あの子がほしい
僕には思いを寄せている子がいる。別に特別可愛いわけじゃないし、お話したことも少しだけ。
たまにホスト部にやってくるなまちゃん。指名するのは僕じゃなくて崇。でも、崇といつも一緒にいる僕は、イヤでもなまちゃんが目に入る。イヤじゃないけど。
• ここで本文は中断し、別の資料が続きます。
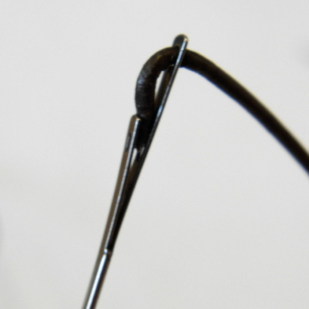 На видео можно посмотреть, как кожаный плоский шнур закрепляется в игле

「あ、あの銛之塚先輩は何かおすすめなケーキとかありますか?」
「……光邦に聞いた方がいいと思うが」
「いいいいいえ!!それは何というか、あー…とにかく埴之塚先輩はダメです!」
そこまでイヤがられるなんて少し傷つくなぁ。ショボン、とすぐに態度に出てしまった。それでも僕はケーキをぱくぱく食べていた。美味しい。
そんな様子を見ていて崇はなまちゃんに質問していた。
「どうしてそこまで光邦を嫌がる」
「あ…嫌じゃないんです!!ただ、恥ずかしいというか、何というか…」
「?」
頭にはてなを浮かべている崇。
僕はその隣にいるなまちゃんの態度を見て確信した。さっきまでの僕は嘘みたいに今はニコニコしていた。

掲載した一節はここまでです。